Something to hold in your hands...keeping a travel journal




One of my favourite books on journal writing is Sheila Bender's exquisite Keeping a Journal You Love. In it, she suggests that one of the reasons we should keep a travel journal is so that we can have "something to hold in your hands when you get back home."

Before you leave, you need to ask yourself – why am I really keeping this journal?

Do it now – spend a minute or so considering the possibilities. Are you keeping it purely for yourself? To record memories? For possible publication? For future reference and usefulness? For future generations?

The reasons why you are keeping it matter, and they change what you record and how you record it. Take this into account too.




And experience tells me that when you are travelling you won't just be using your journal to write in. It will become a de facto wallet, filled with tickets, brochures, pictures, cards and other things. Taking a tip from Lynne Perrella’s Artist’s Journals and Sketchbooks, I now paste en envelope into my journal before I go.

You can glue or tape one in.

It's good for newspaper clippings, extra notes you made on other things, cards, menus, fliers, receipts, leaves, tickets...well, it's just damn handy.

If you have talents in the visual arts area, do take a closer look at Lynne Perrella’s book – it is filled with useful ideas, even for non-artists like me.

Maybe you can bring a small stash of photocopied images of favoured spiritual figures and symbols?

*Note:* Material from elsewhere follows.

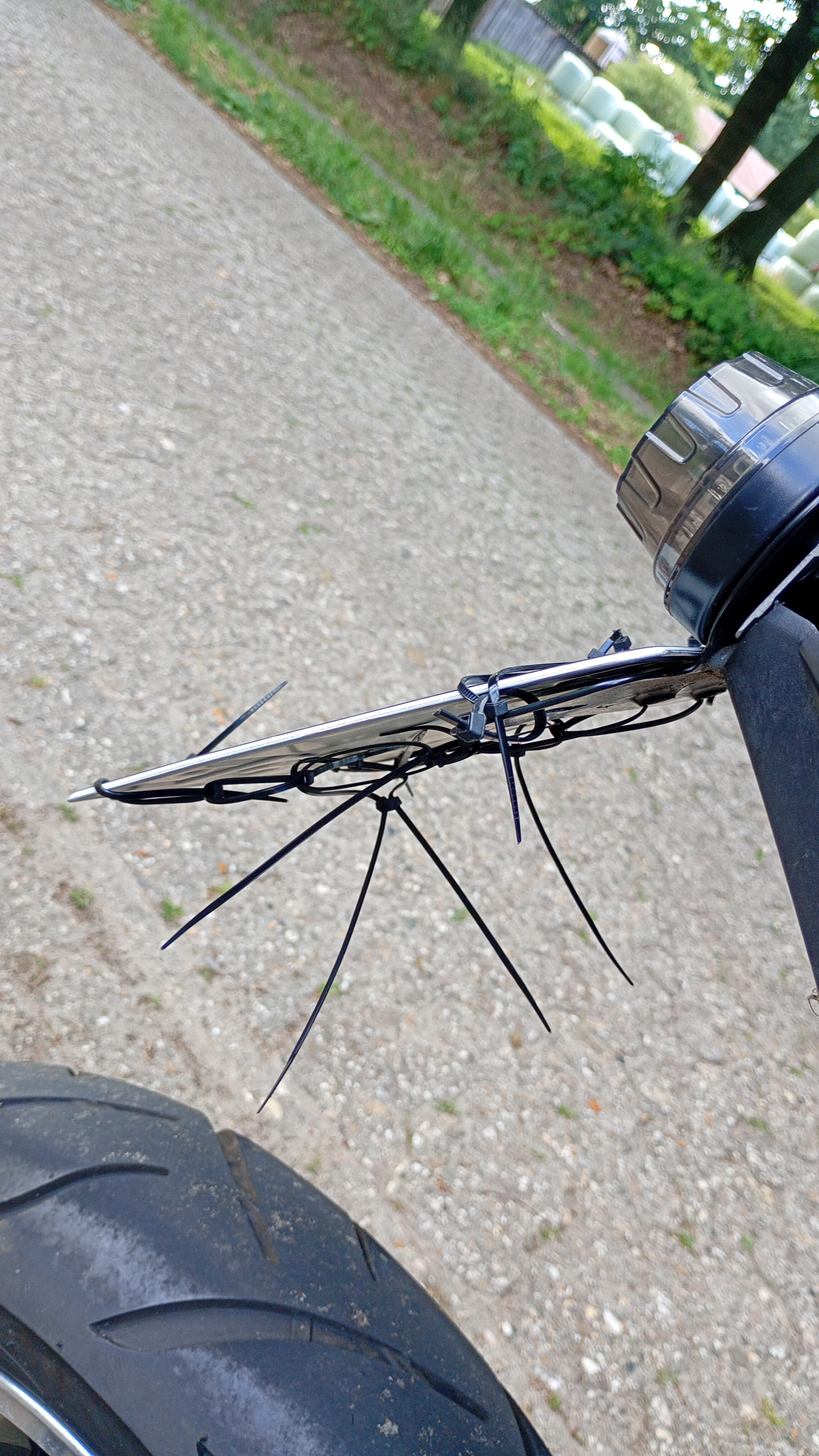 Rest bezahlt, Ladegerät eingepackt, Kennzeichen mit Kabelbinder montiert, Motorradkleidung angezogen und noch die Gear360 am Spiegel befestigt.

You can stick these into the journal when you visit associated sites to remind yourself more quickly when you review your journal. You might also use them as prompts for more spiritual and reflective writing, or as a guide for those times when you feel like getting grumpy and complain-ey.

Use them to mark out special work and to inspire new work and thoughts.

Quite often we might avoid writing in our journals because we fear our thoughts aren't profound enough, that we're not thinking big. Please don't let this get in your way. I am a big advocate of the beauty of the small. Observing the small and writing about it can lead you to some really big places.



 
The ego mind tricks us into thinking that what we do is not important and that we must always be doing something big.

We have to be working on the 100,000 word novel, the entire exhibition of paintings, the history of everyone who ever had the name “Chester” and on and on.

One of the most liberating things to realise creatively, and one that I think you will find all professionally creative people work with, is that we only ever have to concentrate on the small and the immediate.

I am working simply on a page, a paragraph, a sentence, a word.

For the time being I am bringing beauty to one line, one stitch, one pose.

I can forget about the end, about the editing, the choreography, the dramaturgy, the Booker Prize, the adoring fans leaving roses at my mausoleum.

This too extends to themes. I think that, at the heart of a lot of terrible art, is this idea that I must be writing only about Things That Matter.

But anything matters in the scheme of things, especially when we are travelling. Our minds are much more alert to the wonder of the everyday.

Any observation, any encounter, any shade of blue or curve of clay. Any piece of glass.

We create beauty, grandness, piece by piece. You can forget about your social duties just for a moment and just be in touch with what you need to do in that second. It will be beautiful and it will have meaning.